A regionalização na gaveta?

A estrutura centrífuga, há muito em vigor, não resulta. Apenas beneficia os grupos de interesse e as burocracias acantonadas na capital. Tudo permanecerá na mesma encruzilhada, sem a participação das regiões, enquanto agentes de desenvolvimento e convergência.

É muito importante que no debate pré-eleitoral e eleitoral, das eleições presidenciais, se discuta com seriedade os verdadeiros problemas do país.

O enfadonho processo de ilusionismo em curso já cansa. A austeridade não acabou. O empobrecimento de Portugal e dos portugueses é uma realidade escancarada, há muitos anos. E não há propaganda ou foguetório capaz de esconder a nossa estagnação e a nossa falta de desígnio colectivo.

Mesmo que seja conveniente para os actuais protagonistas políticos ignorarem a situação de um país que vai definhando, ano após ano, face aos nossos parceiros europeus, é um dever patriótico introduzir no debate público as verdadeiras razões dos nossos bloqueios e dos nossos persistentes erros. Não podemos continuar a acreditar em milagres. Não estamos no rumo certo. E o custo para as próximas gerações será demasiado elevado.

O rendimento dos portugueses afasta-se todos os anos do rendimento médio dos outros europeus. A carga fiscal é assoberbante. A dívida pública gigantesca. Continua a pairar em todos os sectores da administração uma burocracia bizantina e anacrónica. Os custos de contexto são brutais. Continuam a agravar-se as assimetrias entre portugueses e entre as regiões portuguesas. Para segurar o défice mantiveram-se as cativações durante anos.

O investimento público nunca foi tão residual. Tancos, Pedrógão e restantes fiascos nunca existiram, mas deram-nos uma imagem da actual inoperância do Estado. Apesar dos habituais panegíricos ao regime constitucional, mais de 50% dos portugueses já não votam em eleições. A emigração qualificada voltou a aumentar. O saldo natural negativo de nascimentos é o maior dos últimos anos. Os concelhos interiores do país estão cada vez mais desertificados. A regionalização continua na gaveta.

A regionalização, ao contrário do que alguns pensam, jamais será um factor de desagregação do país, mas antes uma prioridade nacional para romper o actual marasmo e garantir o desenvolvimento consistente de Portugal.

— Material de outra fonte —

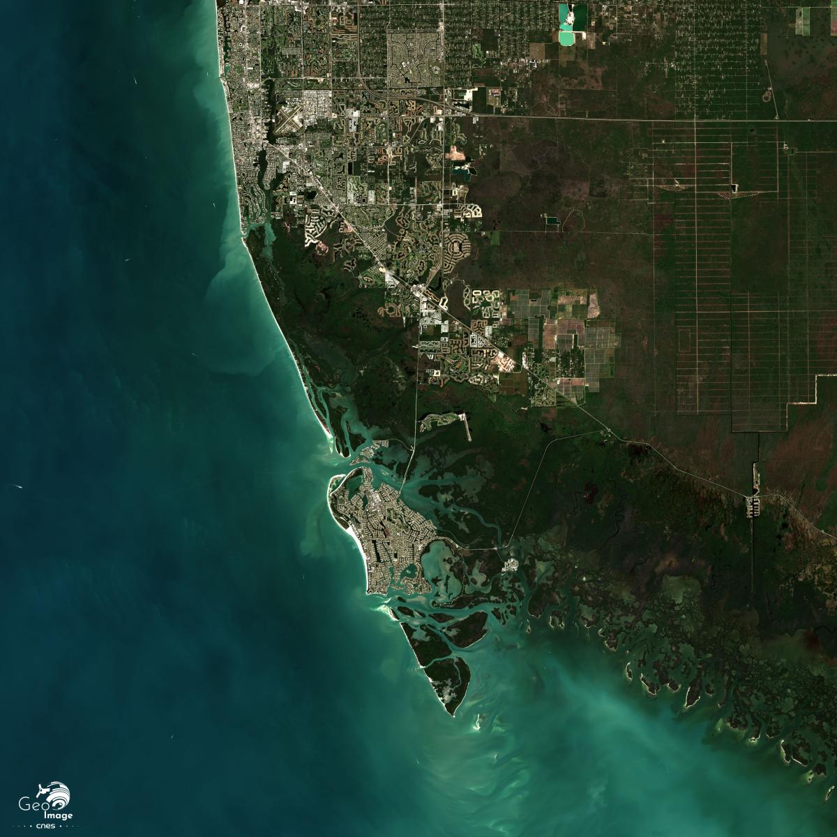 L’île de Marco Island, parfaitement visible sur l’image satellite, est entourée d’espaces protégés par des différents acteurs. Elle jouxte le parc national des Everglades, espace protégé par l’État fédéral et deux réserves gérées par l’État de Floride. L’île est uniquement accessible par deux ponts, l’un vers Naples au nord et l’autre vers le Collier - Seminole State Park à l’est. Peuplée de 16.000 habitants, c’est une enclave touristique au cœur de mangroves comme le montre la découpe du littoral au sud de la station.
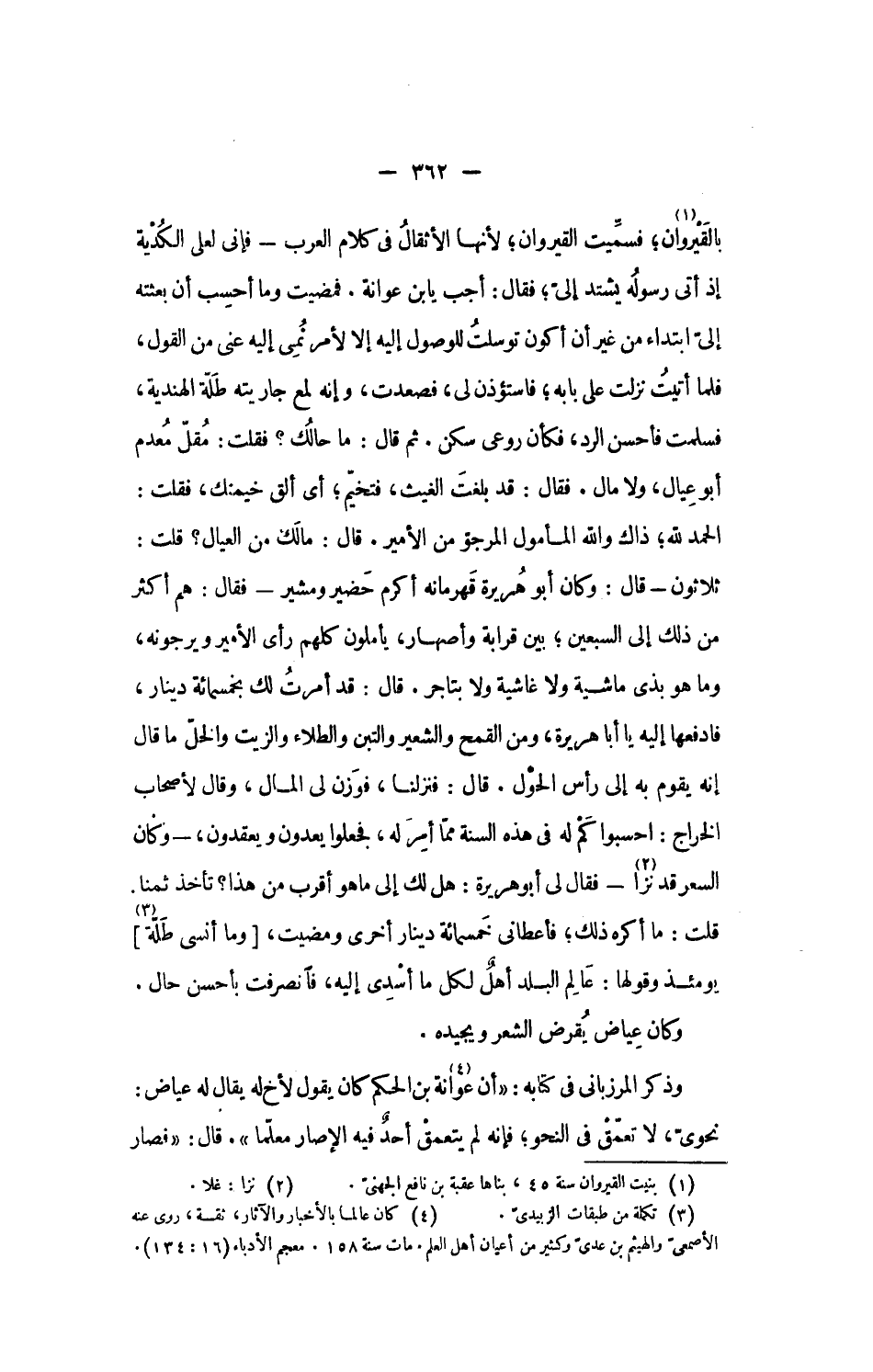 ثلاثون- قال: وكان أبو هريرة قهرمانه أكرم حضير ومشير- فقال: هم أكثر من ذلك إلى السبعين؛ بين قرابة وأصهار، يأملون كلهم رأى الأمير ويرجونه، وما هو بذى ماشية ولا غاشية ولا بتاجر. قال: قد أمرت لك بخمسمائة دينار، فادفعها إليه يا أبا هريرة، ومن القمح والشعير والتبن والطلاء والزيت والخلّ ما قال إنه يقوم به إلى رأس الحول. قال: فنزلنا، فوزن لى المال، وقال لأصحاب الخراج: احسبوا كم له فى هذه السنة ممّا أمر له، فجعلوا يعدون ويعقدون،- وكان السعر قد نزا «2» - فقال لى أبو هريرة: هل لك إلى ما هو أقرب من هذا؟ تأخذ ثمنا.

Vivemos, em pleno século XXI, num dos Estados mais centralistas da OCDE e da União Europeia. Um centralismo que foi construído à base de mitos e receios irracionais, e que hoje não existe na larga maioria dos Estados modernos e democráticos. Um centralismo que tem contribuído para a apatia e desmobilização de recursos e vontades. Que tem ignorado a importantíssima participação do factor regional nas políticas de desenvolvimento. Que tem afastado os cidadãos e os agentes económicos dos actos da Res publica que lhes dizem respeito. Que tem promovido desnecessariamente assimetrias entre cidadãos e entre regiões portuguesas. Que tem contribuído para gerar um país macrocéfalo, centrado em Lisboa, e a consequência é que todos perdem e ninguém beneficia.

Quase todos os países europeus concretizaram há muito processos de regionalização que lhes asseguraram processos de desenvolvimento mais rápidos e harmoniosos que os nossos.

Hoje, as regiões europeias e os poderes regionais eleitos são agentes políticos ouvidos, respeitados, considerados e sempre presentes na agenda da União Europeia.

Não podemos ter a arrogância de pensar que nós estamos no caminho certo e que todos os outros estão enganados.

Afirmar que o Canadá, a Dinamarca, a Suíça, a Suécia, quatro dos países mais desenvolvidos e descentralizados do Mundo, estão errados, e que Portugal e a Grécia, dois dos mais centralizados, estão certos não deixa de ser um absurdo.

As crises são também oportunidades para a mudança. As anunciadas transferências de fundos europeus e de crédito barato serão mais uma oportunidade perdida para o país, se não forem aplicados num quadro de uma descentralização efectiva do território continental português, tendo em conta as cinco regiões naturais existentes.

A estrutura centrífuga, há muito em vigor, não resulta. Apenas beneficia os grupos de interesse e as burocracias acantonadas na capital. Tudo permanecerá na mesma encruzilhada, sem a participação das regiões, enquanto agentes de desenvolvimento e convergência.

A regionalização do continente português é um hoje um imperativo de equidade democrática e de desenvolvimento integral de Portugal.

A Comissão Independente para a Descentralização, criada pela Assembleia da República, realizou um exaustivo e meritório trabalho sobre a regionalização, cujas conclusões foram entregues aos titulares dos órgãos do Estado em Julho de 2019. A partir daí nada se passou.